| EXERCISE AIM |
Extract, exactly as written, the line that contains "골프, 승마, 요트 클럽" and all lines after it through the end of the records. Omit pictures.

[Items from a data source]
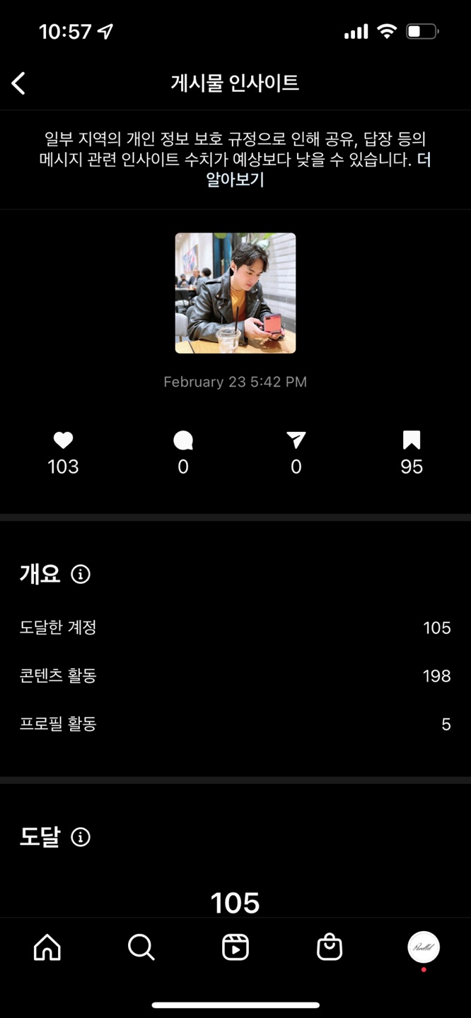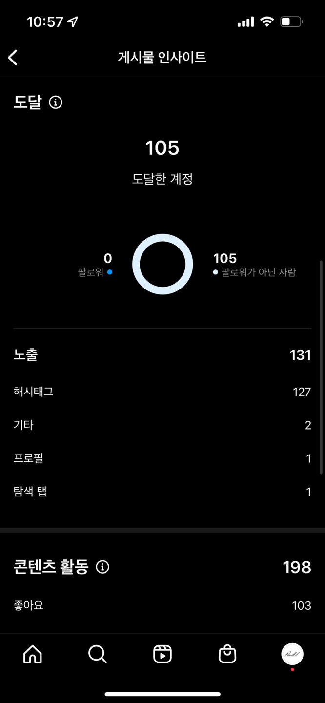 정확히 기억은 안 나지만 내가 잠입한 방에는 약 100명 정도의 사람이 있었고 95명이 품앗이 활동에 참여했다. 좋아요 수는 103개로 그것보다 많은데 이 좋아요 수는 #셀카투척 이라는 태그에서 약간 얻은 것으로 추정된다. 그 다음 해시태그 노출을 보면 127인데 중복된 숫자를 감안하고 봤을 때 저장 수 95와 큰 차이가 없을 것으로 생각된다. 즉, 단시간 동안 좋아요와 저장을 약 100개나 작업했지만 #셀카투척 이라는 태그에서 인기게시물에 가지 못했다는 것이다. 물론 셀카투척이 완전 작은 태그는 아니다. 그러나 작은 태그로 실험해도 결과는 동일할 거라고 생각한다. 궁금하면 1000~3000정도의 작은 태그로 실험을 해봐도 좋다.
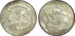 In 1935, to celebrate the sesquicentennial of the city, the United States Mint issued the Hudson Half Dollar. The coin is one of the rarest ever minted by the United States Government, as only 10,008 coins were struck. On the front of the coin is an image of Henry Hudson's ship the Half Moon, and on the reverse is the seal of the city. Local legend has it that coin was minted on direct order of President Franklin Delano Roosevelt to thank the Hudson City Democratic Committee for being the first to endorse him for state senator and governor.
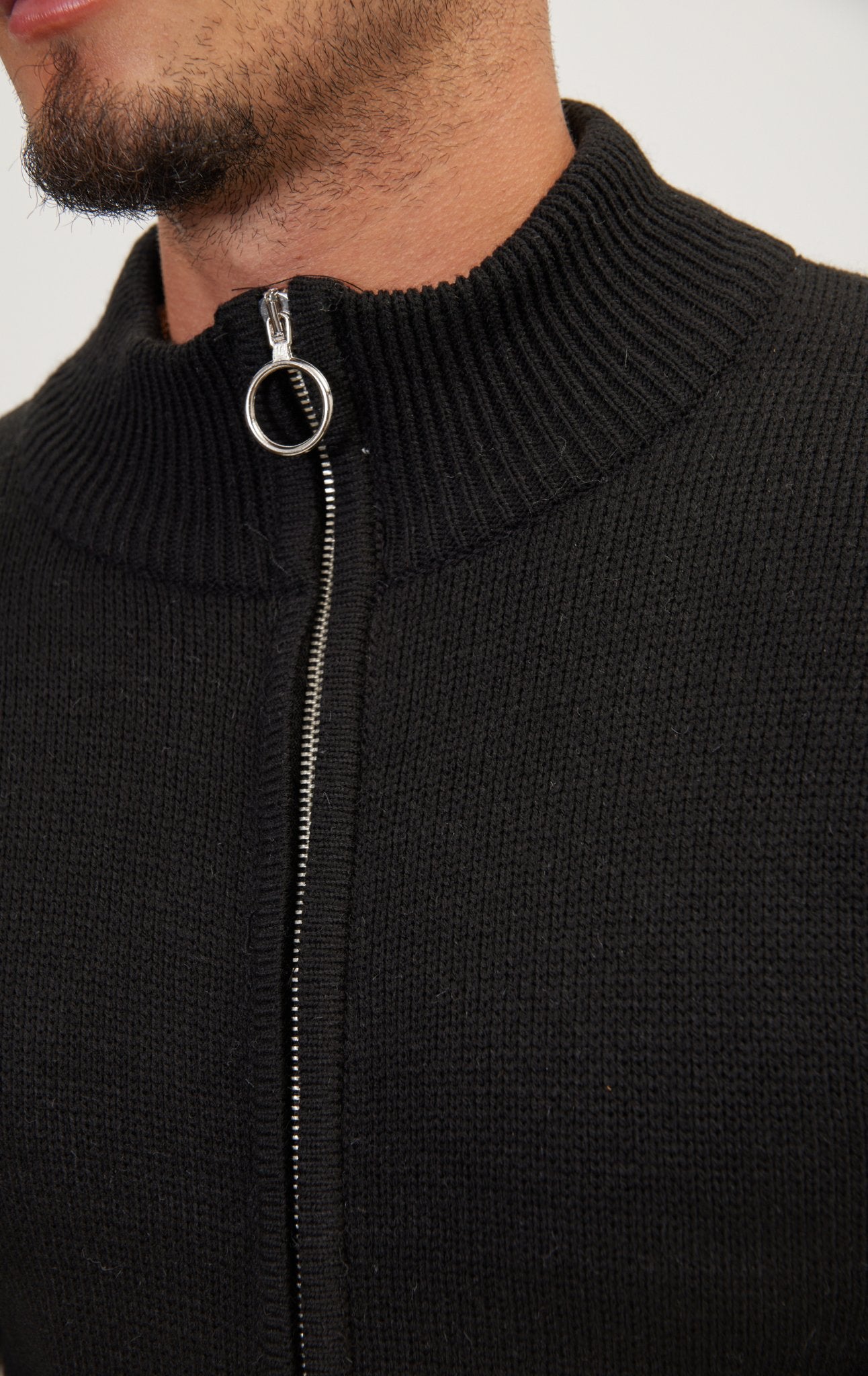 The zippered design adds a modern twist to the traditional cardigan, making it an easy choice for both quick outings and stylish layering.
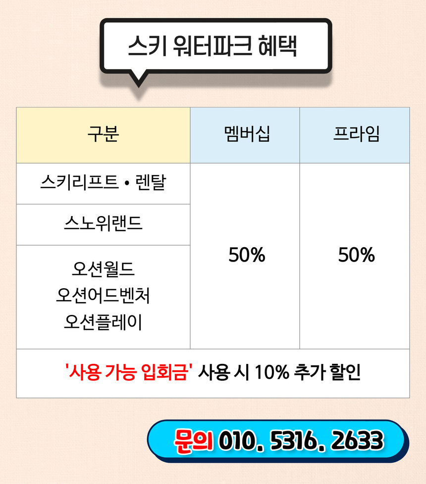 골프, 승마, 요트 클럽 등 다양한 레저 활동을 즐길 수 있으며, 스키장과 워터파크에서도 최대 60%의 할인 혜택을 누릴 수 있습니다. 특히 골프의 경우, 기본 할인 외에도 추가 할인 혜택이 제공되어 더욱 경제적으로 즐길 수 있습니다.
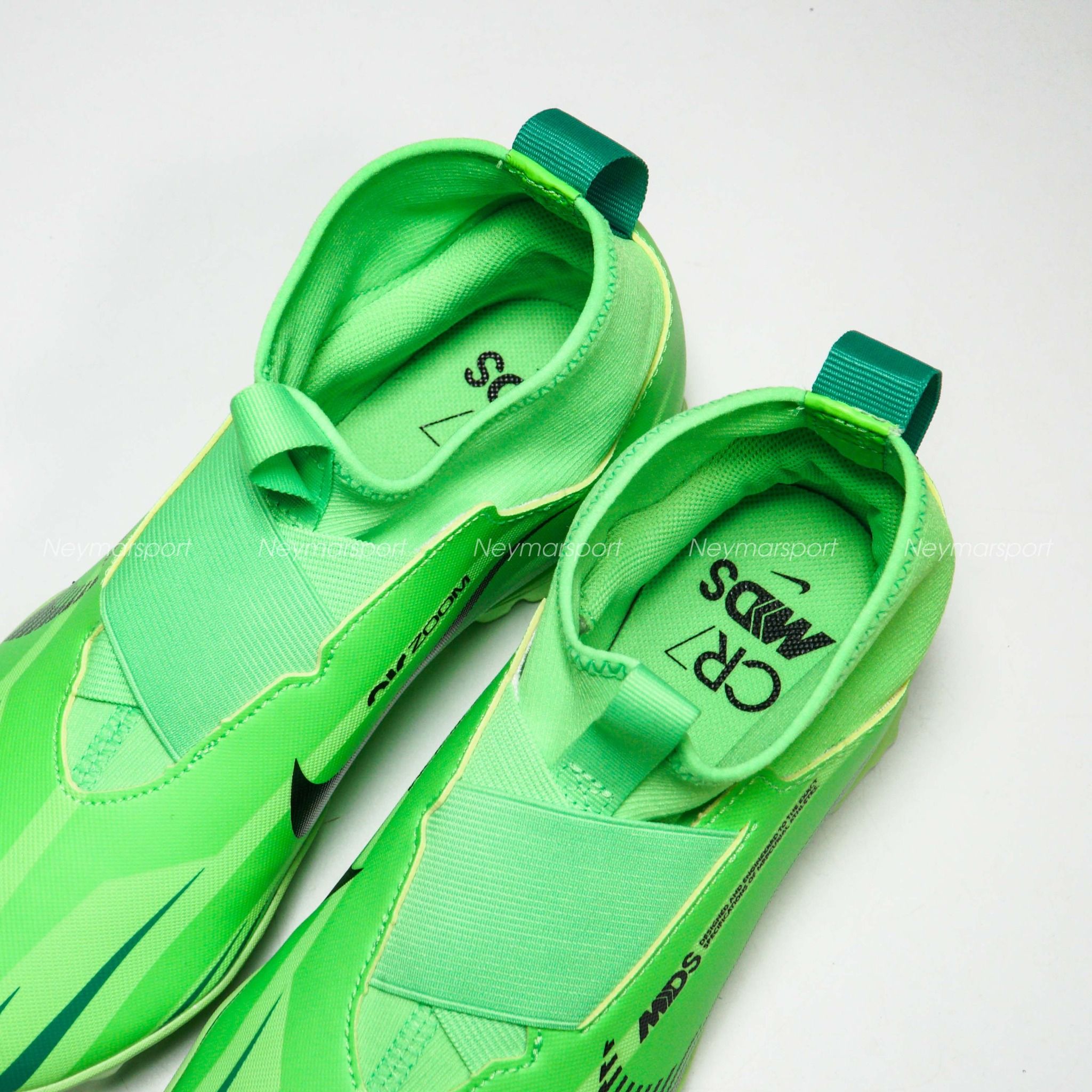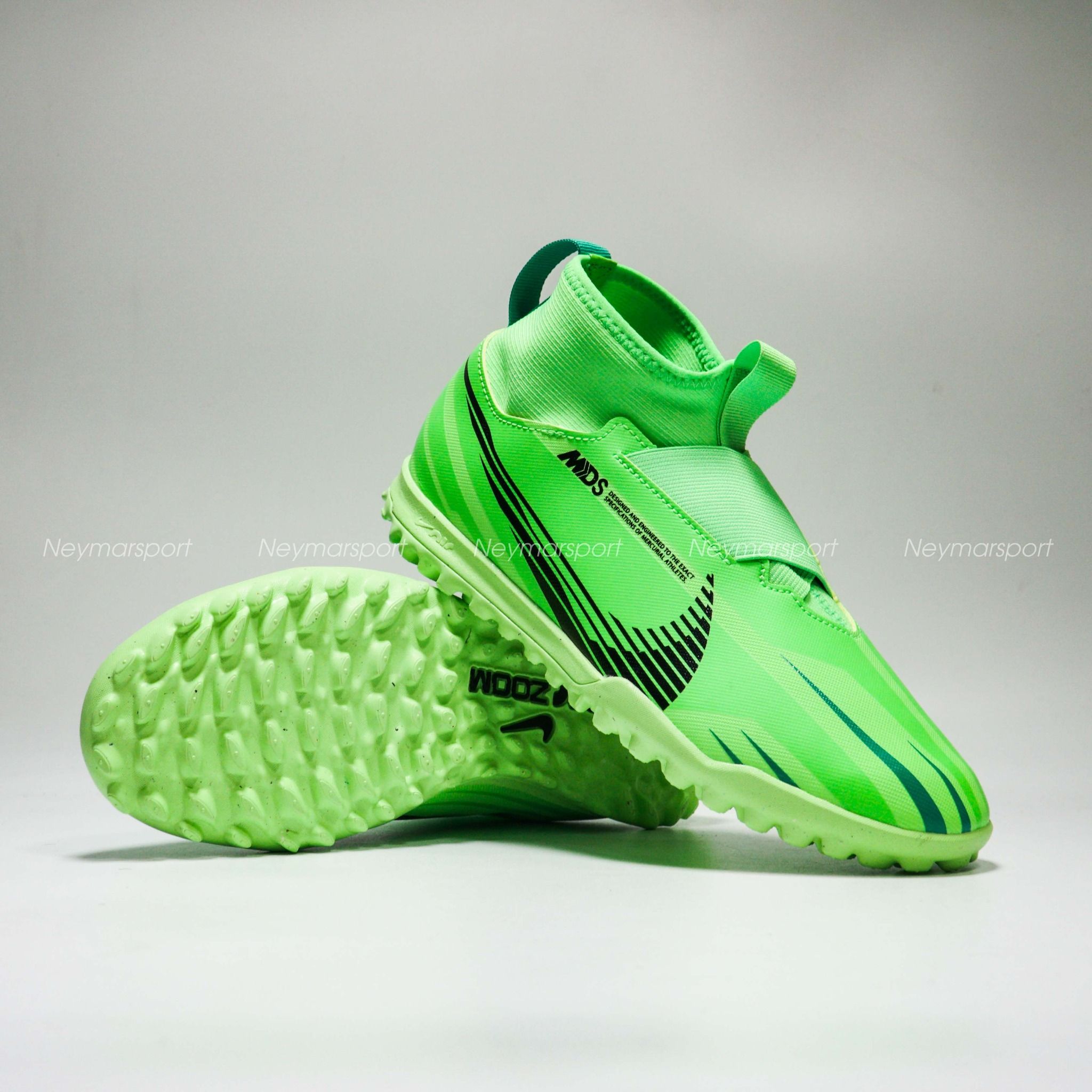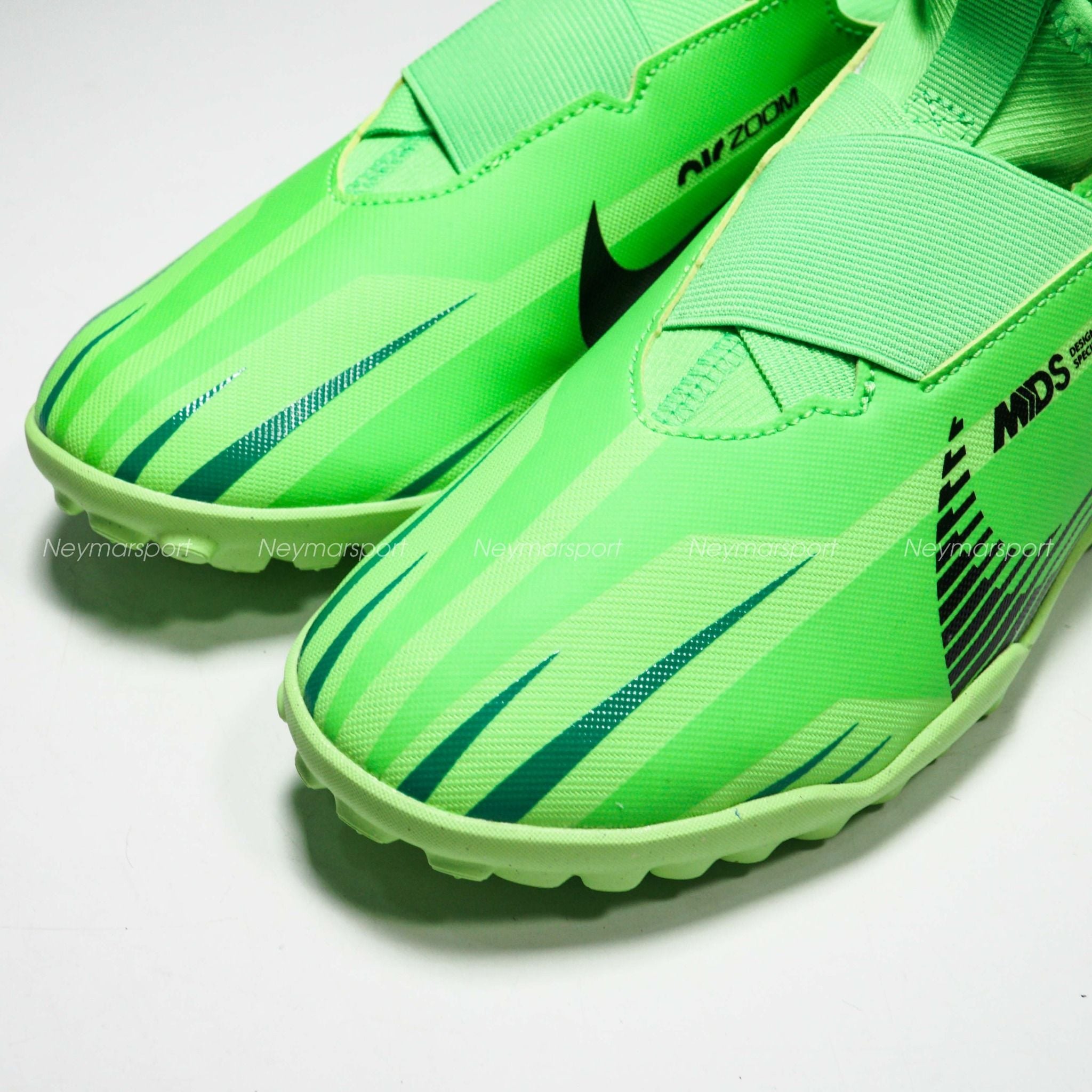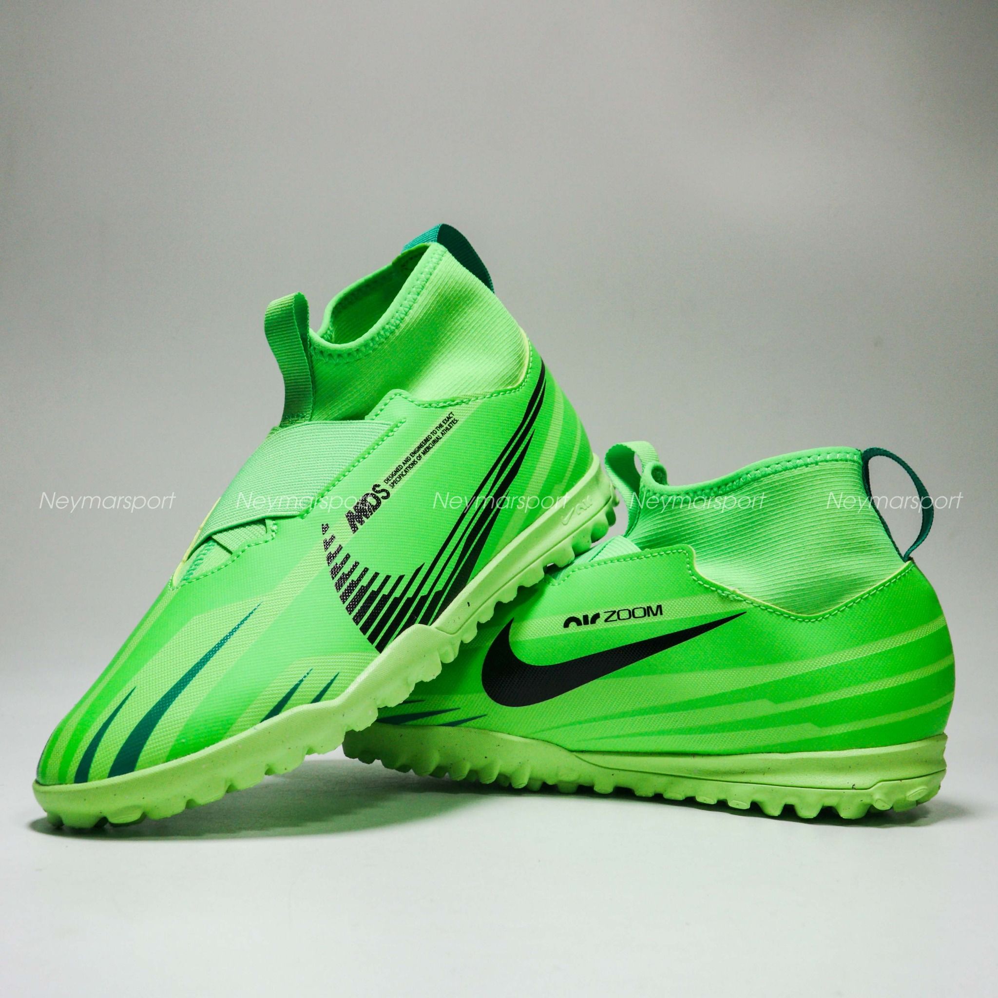 Giày đá bóng Giày đá bóng Nike Air Zoom Mercurial Superfly 9 Academy TF Dream Speed 8 - Green Strike/Black/Stadium Green Kids FJ7195-300 là mẫu giày phổ thông cổ cao dành cho trẻ em thi đấu sân cỏ nhân taọ 5-7 người. Nike Air Zoom Mercurial Vapor 15 Academy TF Dream Speed 8 được thiết kế trên nền xanh chủ đạo, các họa tiết và biểu tượng của thương hiệu được làm nổi bật với gam màu đen cùng với đó là logo Swoosh được phóng to, tạo hiệu ứng thị giác mạnh mẽ. Các sắc thái xanh khác nhau tạo nên hình ảnh mô phỏng tốc độ và chuyển động, chạy dọc từ mũi giày, tô điểm thêm sự năng động và cá tính.

| EXERCISE RESULT |
 골프, 승마, 요트 클럽 등 다양한 레저 활동을 즐길 수 있으며, 스키장과 워터파크에서도 최대 60%의 할인 혜택을 누릴 수 있습니다. 특히 골프의 경우, 기본 할인 외에도 추가 할인 혜택이 제공되어 더욱 경제적으로 즐길 수 있습니다.
 Giày đá bóng Giày đá bóng Nike Air Zoom Mercurial Superfly 9 Academy TF Dream Speed 8 - Green Strike/Black/Stadium Green Kids FJ7195-300 là mẫu giày phổ thông cổ cao dành cho trẻ em thi đấu sân cỏ nhân taọ 5-7 người. Nike Air Zoom Mercurial Vapor 15 Academy TF Dream Speed 8 được thiết kế trên nền xanh chủ đạo, các họa tiết và biểu tượng của thương hiệu được làm nổi bật với gam màu đen cùng với đó là logo Swoosh được phóng to, tạo hiệu ứng thị giác mạnh mẽ. Các sắc thái xanh khác nhau tạo nên hình ảnh mô phỏng tốc độ và chuyển động, chạy dọc từ mũi giày, tô điểm thêm sự năng động và cá tính.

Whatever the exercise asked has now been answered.